5 Dataframe Tricks in Pandas
- Using replace to do one hot encoding when you have a binary feature
Before you decide to go ahead and use one hot encoding or get_dummies on a categorical feature. Check if its a binary feature like gender or a yes/no feature. Than you could just use replace() to easily encode the categorical feature.
2. Checking for imbalanced columns
It is unlikely that you’ll find your data set having similar amounts of sample for each category so this is a quick way you can check using unique()
3. Sample to randomly select from a feature useful when you have imbalanced datasets
sample() in pandas doesn’t create artificial samples like SMOTE does but rather takes random samples from the original data set.

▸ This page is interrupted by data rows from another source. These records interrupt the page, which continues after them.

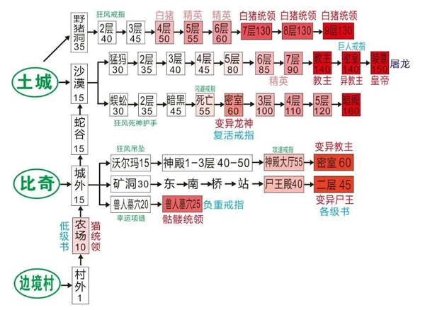7.刷完尸王之后可以去刷沃玛教主(位置在神殿大厅55坐标处),也可以选择其他掉落特戒的boss,具体刷哪个可以根据地图提示来决定。理论上来说,在角色满级之前不需要去挑战高难度副本里的boss,因为其他装备作为过渡已经足够使用了,而且在刷这些boss的过程中说不定还能掉落不错的极品装备。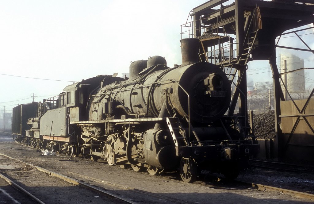 Keisei-Konzern, Altbauwagen: Früher waren die Staatsbahnfahrzeuge dunkelbraun, die meisten Privatbahnfahrzeuge in Zweiton-Grün gestrichen, wie dieser alte Zug des Keisei-Konzerns mit Endwagen 513. Vorkriegsbauart, modernisiert in den 1960er Jahren, bis 1980 im Einsatz. Bild: Einfahrt in Tokyo-Nippori, 31.Januar 1980.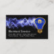 A blue electrical lightning zaps across the darkness and powers up a gold home electrical bulb. You are that power that brings light into homes. Near the base lies the business name and its contact details.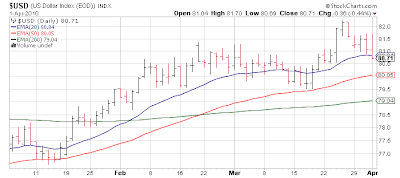 On the short side, it continues to be almost impossible to run any sort of hedged strategy as 90% of stocks now trade over the 50 day moving average. After suffering a poor Q1, Chinese stocks seem to have perked up this past week Morgan Stanley China A Shares (CAF) was closed as the instrument broke out; perhaps a possible long position in fact. And Asia Info Holding (ASIA) I expect to be stopped out on the Monday morning gap up as it was right at my stop loss level Friday at the close... I needed some 1-3% type of market selloff for this name to fill it's gap, but that is too much to ask. Once ASIA goes the only meaningful short I will have is "dollar long" - countless scouts have been sent back to us the past 4-5 weeks with heads detached on the short side; we've been keeping losses small but it is wearisome.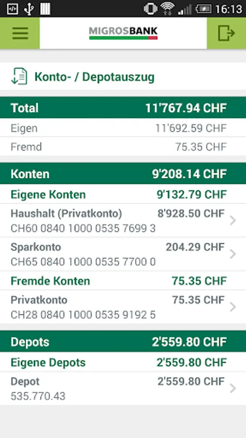 • With the Migros Bank Balance Widget you can see the current account balance and the latest bookings on your display
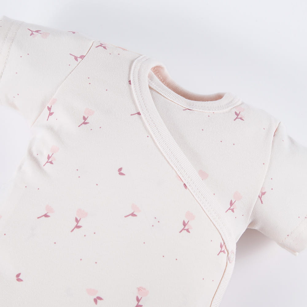 Dětské zavinovací body růžové 3ks s motivem květin – kolekce Petite
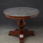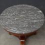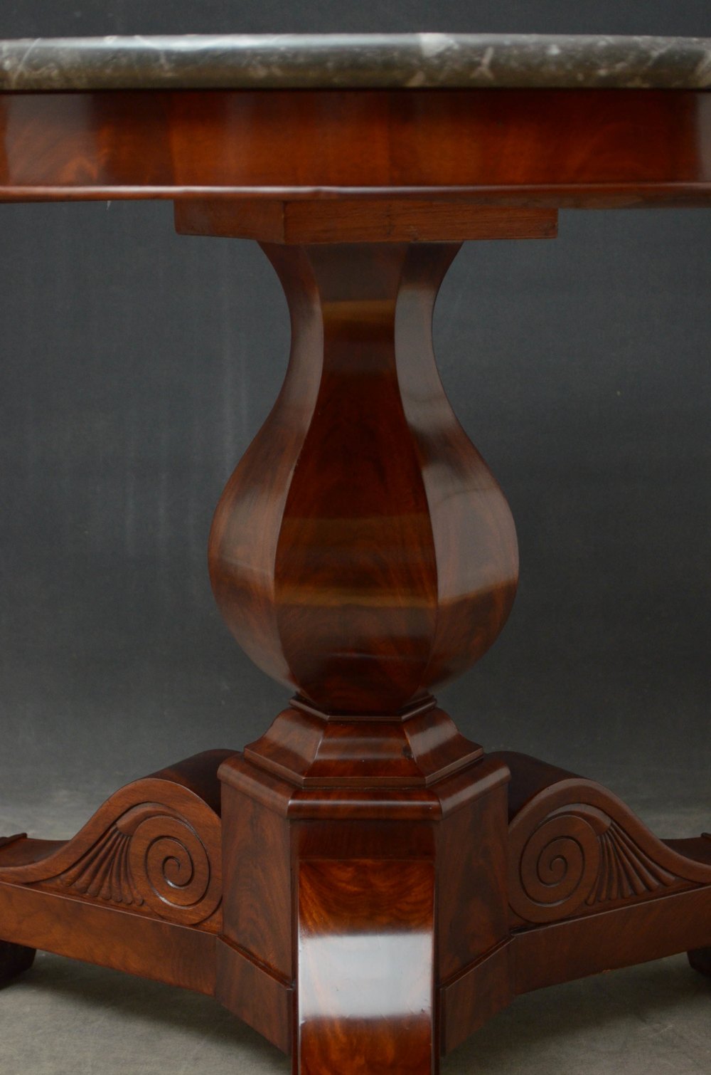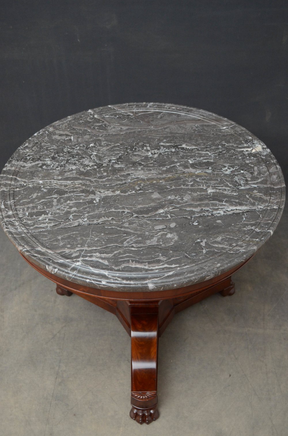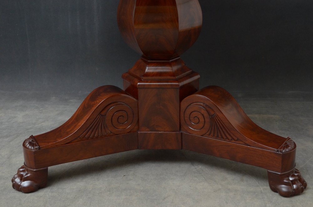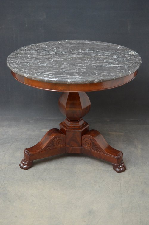 Sn5217 A XIXth flamed mahogany William IV centre table / gueridon with excellent grey-white marble top and moulded frieze, standing on vase shaped, flamed mahogany column and curved flat facetted support with 3 outswept carved legs terminating in paw feet, all in excellent condition throughout, ready to place at home. c1830

You can also use the optional parameter replace to allow or disallow sampling from the same row, by default its disabled. Depending on the context of your specific data set this might be okay.
4. Stratification in your train split test
Another imbalanced data set trick is to make sure that class label is distributed equally as this can affect training. Something that I didn’t know about till recently. Learn more about it here https://scikit-learn.org/stable/modules/cross_validation.html#stratification
5. Encoding categorical values that aren’t binary
When you are encountering categorical values that aren’t simply binary. Then you will need to create dummy variables so that you model can be trained. This can be done using pd.get_dummies()